Trial counsel also should have gotten an independent
evaluation of latent fingerprints found on the bathroom
window. Upon information and belief, if trial counsel had
done so, these latent prints would have matched Mr.
Woods’s fingerprints. Trial counsel also should have
obtained an independent expert to evaluate the shoe print
found in the bathtub. Upon information and belief, if trial
counsel had done so, this shoe print would have been
found to match Mr. Woods’s shoes. These pieces of
evidence would have demonstrated that Mr. Woods did
not leave the apartment through the front door with
Spencer as the State claimed but rather climbed out the
bathroom window. This would have called into question
the State’s arguments that Mr. Woods was acting in
concert with Spencer because they left together.”
(Suppl.C.R.406.)
When addressing a similar claim that counsel was ineffective for
failing to secure the presence of an expert, this Court in Daniel v.

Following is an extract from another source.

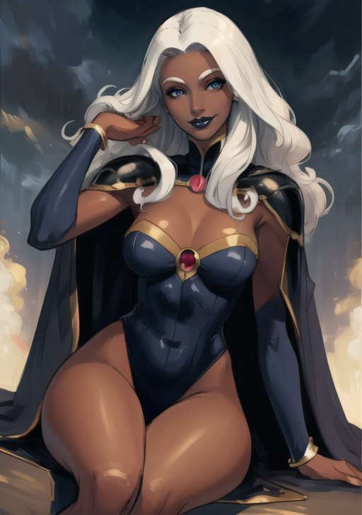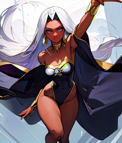 A character LoRA for the comic depiction and 2011 anime depiction of Storm/Ororo Munroe. Does not include her movie appearances.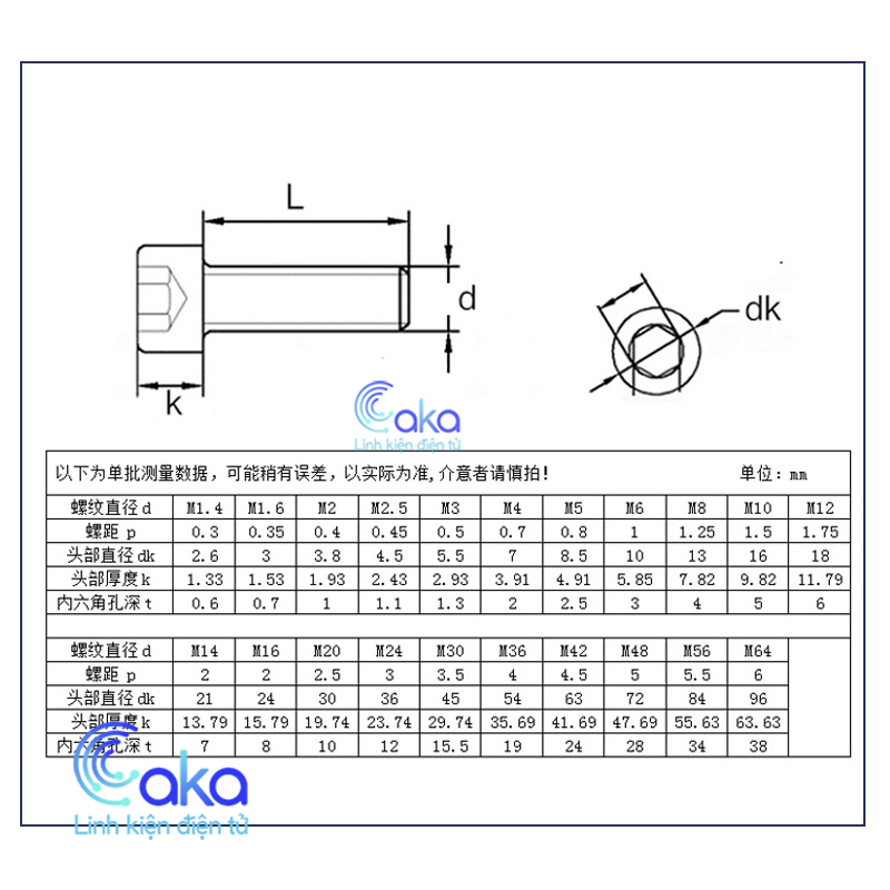 Bảng kích thước ốc lục giác M6

State, 86 So. 3d 405 (Ala. Crim. App. 2011), stated:
“Daniel failed to identify, by name, any forensic or DNA
expert who could have testified at Daniel’s trial or the
content of the expert’s expected testimony. Accordingly,
Daniel failed to comply with the full-fact pleading
requirements of Rule 32.6, Ala. R. Crim. P. See McNabb v.
State, 991 So. 2d 313 (Ala. Crim. App. 2007) (claim that
counsel was ineffective for failing to retain an expert not
sufficiently pleaded because expert was not identified);
Woods v. State, 957 So. 2d 492 (Ala. Crim. App. 2004),
rev’d on other grounds, 957 So. 2d 533 (Ala. 2006) (claim
of ineffective assistance of counsel not sufficiently
pleaded because Woods failed to identify an expert by
name).”
117
86 So. 3d at 425–26. As we stated previously, to sufficiently plead a
claim that counsel was ineffective in failing to secure the services of an
expert, the petitioner must identify the expert by name and plead
his/her expected testimony.
Moreover, Woods failed to plead how he was prejudiced.

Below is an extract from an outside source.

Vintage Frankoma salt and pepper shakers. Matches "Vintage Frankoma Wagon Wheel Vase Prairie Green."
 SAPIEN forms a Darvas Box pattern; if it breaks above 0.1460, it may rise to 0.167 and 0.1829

Woods’s trial record shows that counsel moved for funds to hire a
private investigator. (Trial C.R. 133–34.) That motion was granted.

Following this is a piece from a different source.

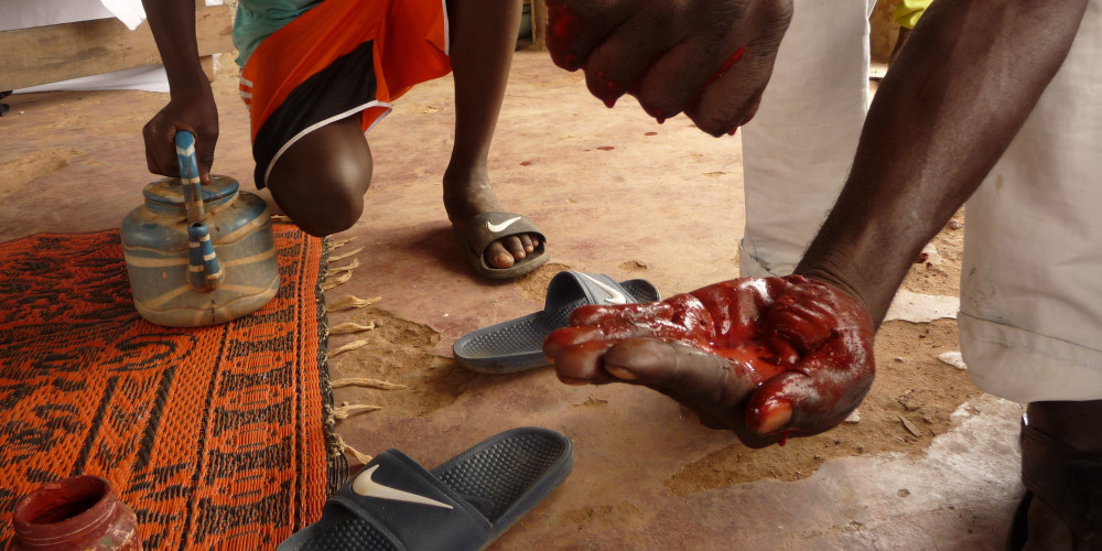 Levés tôt pour affronter la chaleur du Nord, nous louons les services d’un guide et deux motos. Celui-ci – plutôt affable – nous emmène dans les petits chemins qui serpentent dans les bois d’anacardiers (la noix de cajou). Nous découvrons une carrière où les femmes extraient manuellement depuis des décennies de la pierre qu’elles concassent pour le vendre aux constructeurs**. Plus loin nous apercevons le Rocher Sacré, cher aux animistes, c’est là que l’on immole des animaux afin d’intercéder auprès des esprits de la nature.

(Trial C.R. 535.) Counsel also moved to inspect, examine, and test all
physical evidence collected by the State. (Trial C.R. 237.) That motion
was granted and the court wrote on the case-action summary:
“Motion to inspect and examine physical evidence is granted and tests
will require additional motions.” (Trial C.R. 520.)
Furthermore, one of Woods’s witnesses who was in the
apartment at the time of the shootings, Markesha Williams, testified
that she did not see Officer Chisholm spray pepper spray and that she
has asthma and would have gotten sick if pepper spray had been
sprayed in the apartment. (Trial R. 1470.) Another State witness,
Fernando Belser, who was also present at the time of the shootings,
testified that he did not see Officer Chisholm spray pepper spray, that
he did not cough or smell any pepper spray, and that Woods was not
coughing. Another State witness, Michael Scott, testified that he was
at John Prather’s house on the day of the shooting when Woods and
Spencer ran into the back door of the house together. When asked
about Woods’s appearance, Scott testified that Woods was not
coughing, that Woods did not have trouble breathing, that there were
no tears coming from Woods’s eyes, that there was nothing coming
from Woods’s nose, that Woods was not rubbing his eyes, and that
Woods did not appear to have difficulty seeing in the minutes after the
fatal shootings.
Woods’s codefendant, Kerry Spencer, also testified that when
he finished shooting his rifle he threw the rifle down and he and
Woods ran from the apartment together down the alley and into a
neighbor’s house. (Trial R. 1595.) Two witnesses at the neighbor’s
118
house testified that Woods and Spencer arrived at the neighbor’s
house together.
The circuit court committed no error in summarily dismissing
this claim because Woods failed to satisfy the pleading requirements of
Rule 32.6(b), Ala. R. Crim. P. Not only did Woods fail to plead full
facts but also failed to plead how he was prejudiced by counsel’s
actions. This claim was correctly summarily dismissed and Woods is
due no relief.
...
Woods next argues that his trial counsel was ineffective for
failing to secure police records in order to establish discrepancies in
police procedures that, he says, caused the confrontation that
ultimately ended in three police officers being killed.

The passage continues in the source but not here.